» **Task item**
Please begin with the line containing "AFG Horizon Vision" and reproduce each line exactly until the records below end, without any pictures.

» **Source data**
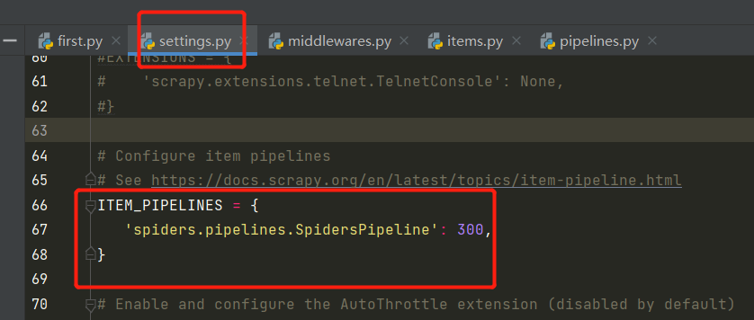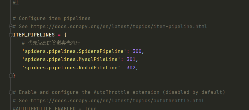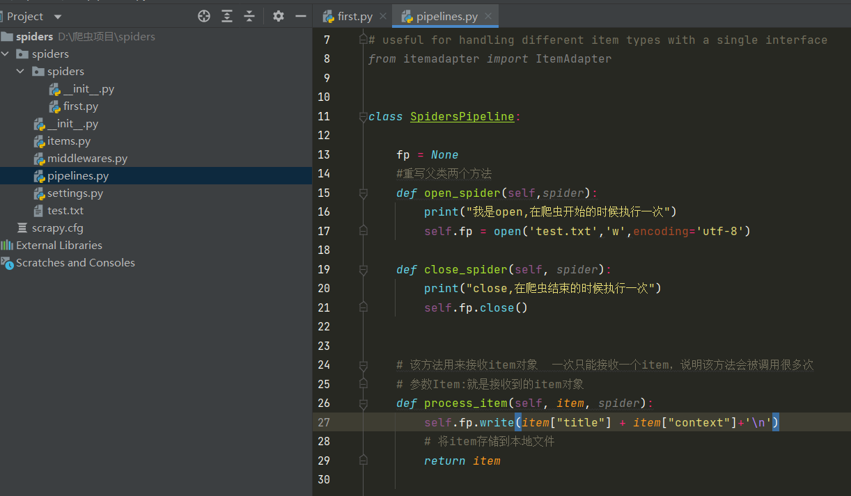 -在管道文件(pipelines.py)中,接收爬虫文件提交过来的Item类型对象,且对其进行任意形式的持久化操作
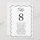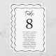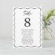 Make a sophisticated statement with this double-sided wedding table number and guest list card, featuring a graceful black wavy frame border on both sides for a polished, cohesive look. Designed in timeless black on crisp white, this 5" x 7" template showcases a bold serif table number, italicised guest names, and the word "Table" in a chic handwritten script font. Both sides of the card are identical, allowing for easy viewing from any angle—perfect for weddings, anniversaries, or engagement parties. Personalise with your guest names and details, or request a custom colour to match your theme. Part of our coordinating black and white wedding collection with handwritten-style script, this minimalist table card adds a refined and modern touch to your celebration decor!
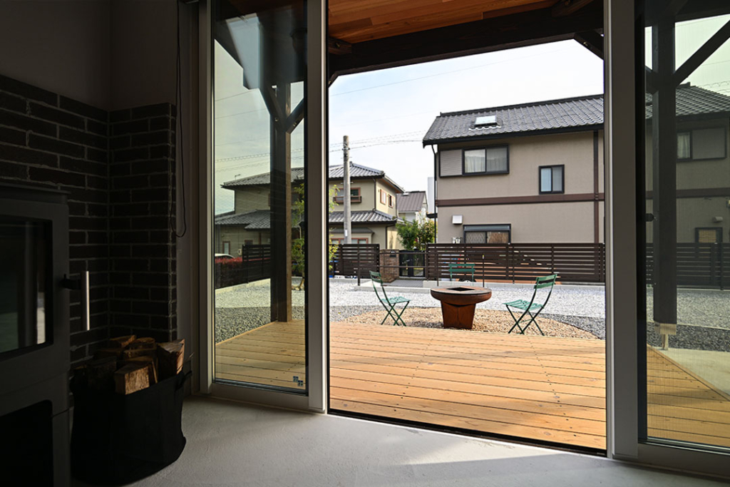 ウッドデッキ~土間~LDKの連動空間、さらに庭との連動で愉しみ方が無限に広がります。
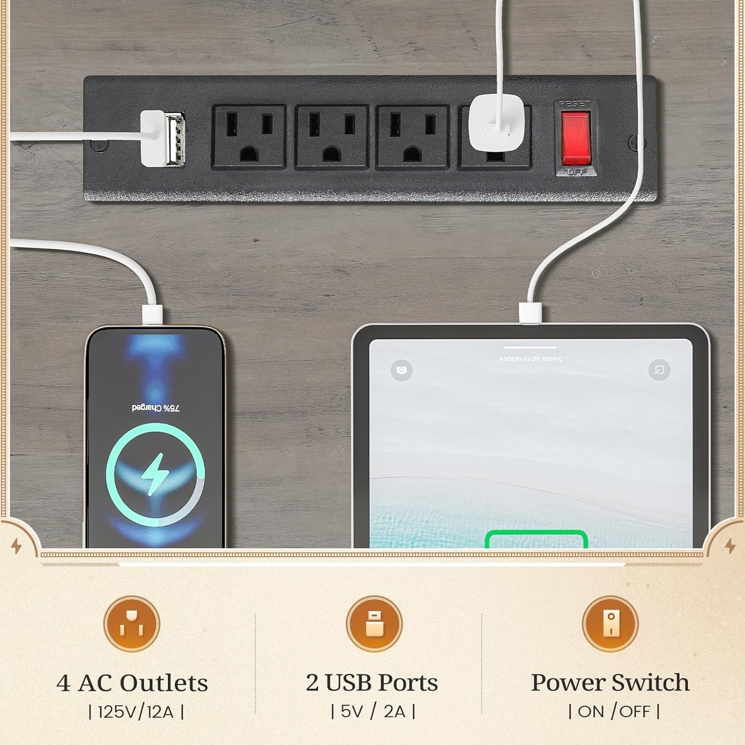 - Prises de courant : ce bureau d'ordinateur est équipé de 4 prises secteur et de 2 ports USB pour recharger facilement votre matériel de jeu, votre tablette, votre imprimante ou votre téléphone. L'interrupteur permet de couper l'alimentation facilement et en toute sécurité, sans avoir à débrancher les appareils.
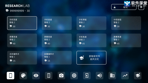1、手机设计:游戏的手机设计功能参数非常多,有长宽和手机厚度、屏幕大小、屏占比、Home键风格及位置、手机外观、按键位置、前置相机、后置相机、颜色、屏幕类型及分辨率、CPU、内存、存储……随着科技发展还能研发更多东西
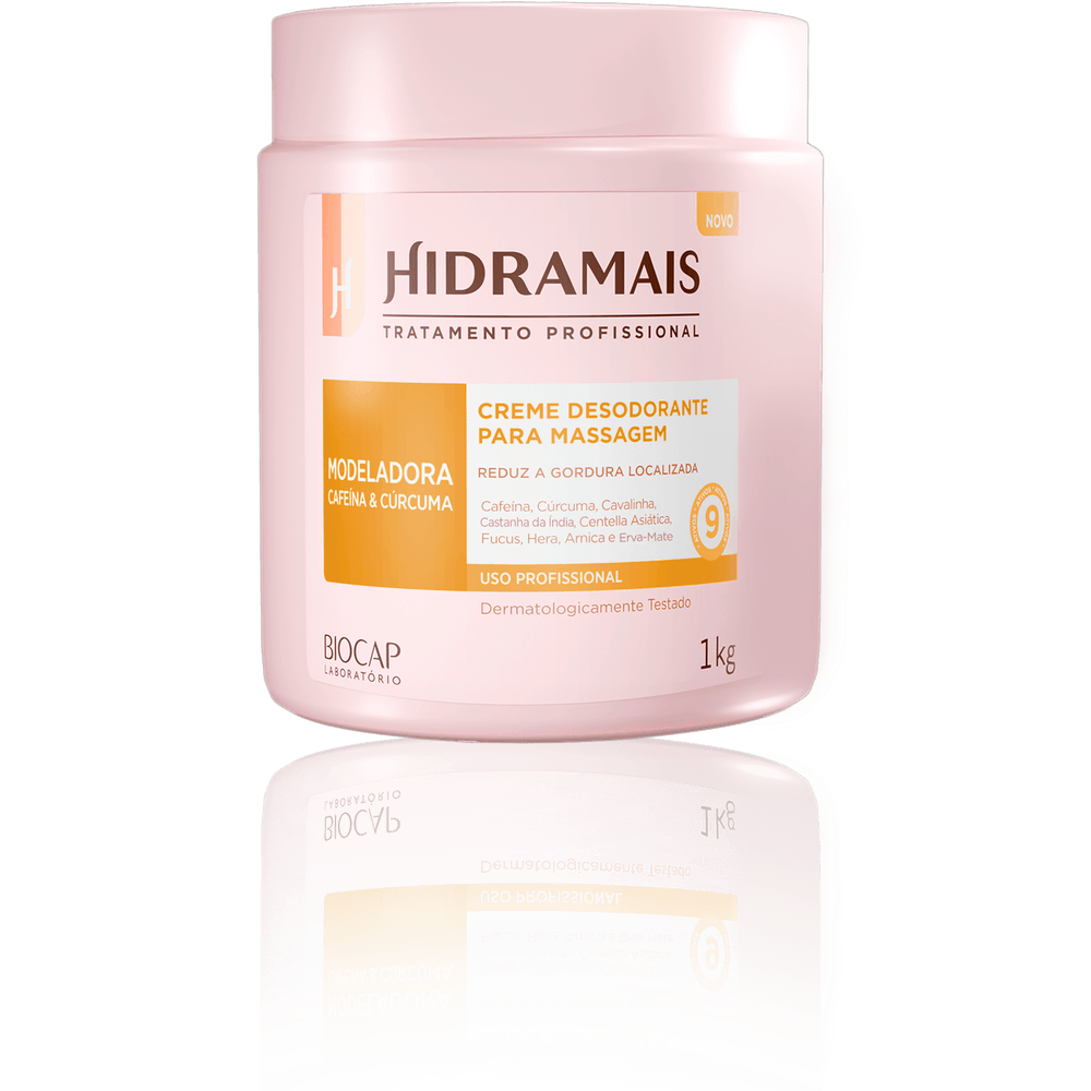 O CREME MODELADOR CAFEÍNA E CÚRCUMA HIDRAMAIS é um produto profissional desenvolvido para auxiliar em tratamentos corporais de modelagem e redução de medidas. Formulado com ativos potentes como cafeína e cúrcuma, ele estimula a circulação local, promove firmeza e melhora a textura da pele, deixando-a mais lisa e tonificada.
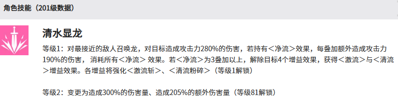 一技能【清水显龙】为召唤型输出技,基础造成280%攻击力伤害。当智河自身处于“净流”状态时,该技能可额外叠加190%伤害;若释放前已积攒≥3层“净流”,则在消耗全部层数后,可立即驱散目标身上4个增益效果,并为自身赋予1层“净流”及1层“激流”效果。两项增益将显著强化后续【激流斩】的伤害与功能表现。特别需注意:当“净流”层数达5层时,该技能触发的增益返还与伤害加成将进一步提升。
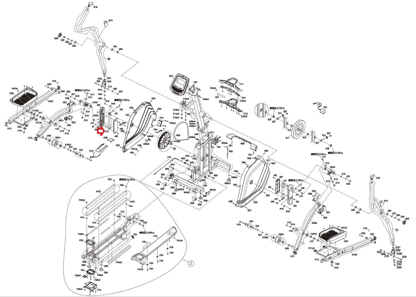 AFG Horizon Vision Fitness Livestrong Elliptical Crank Arm Assembly 1000201410
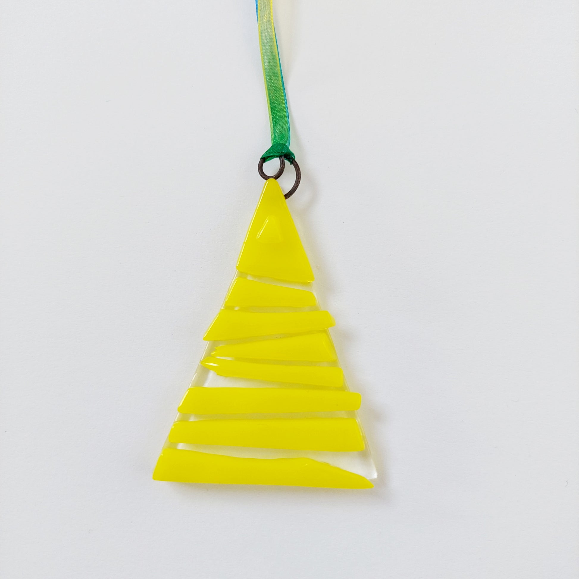 An abstract yellow tree handcrafted in the Lake District from vibrant opalescent yellow and crystal clear glass.

» **Response below**
 AFG Horizon Vision Fitness Livestrong Elliptical Crank Arm Assembly 1000201410
 An abstract yellow tree handcrafted in the Lake District from vibrant opalescent yellow and crystal clear glass.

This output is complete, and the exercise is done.